All lines below starting at the one that holds "1208 #2024新水色の" and ending at the one that holds "杰克琼斯outlets春季NBA联名篮网队宽松棒球服运动羽绒服外套男装" should be printed exactly, ends included. Pictures should not be printed, nor anything else.
+++ Data to process +++
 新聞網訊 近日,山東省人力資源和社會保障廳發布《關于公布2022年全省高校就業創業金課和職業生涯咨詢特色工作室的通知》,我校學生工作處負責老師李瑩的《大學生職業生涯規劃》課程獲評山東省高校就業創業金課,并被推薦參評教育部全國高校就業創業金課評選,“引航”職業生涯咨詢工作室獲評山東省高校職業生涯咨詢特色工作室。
+++
+++ Data to process +++
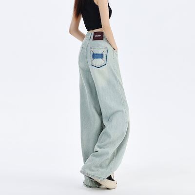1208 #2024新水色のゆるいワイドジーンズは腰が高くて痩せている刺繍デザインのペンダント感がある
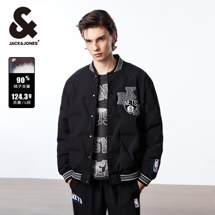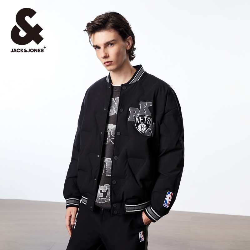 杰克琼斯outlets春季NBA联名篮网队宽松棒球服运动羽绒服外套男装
+++
+++ Data to process +++
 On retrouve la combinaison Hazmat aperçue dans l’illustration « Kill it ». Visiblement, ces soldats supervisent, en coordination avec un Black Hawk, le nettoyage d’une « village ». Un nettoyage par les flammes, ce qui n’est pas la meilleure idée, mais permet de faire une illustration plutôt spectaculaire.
+++
Answer section.
1208 #2024新水色のゆるいワイドジーンズは腰が高くて痩せている刺繍デザインのペンダント感がある
 杰克琼斯outlets春季NBA联名篮网队宽松棒球服运动羽绒服外套男装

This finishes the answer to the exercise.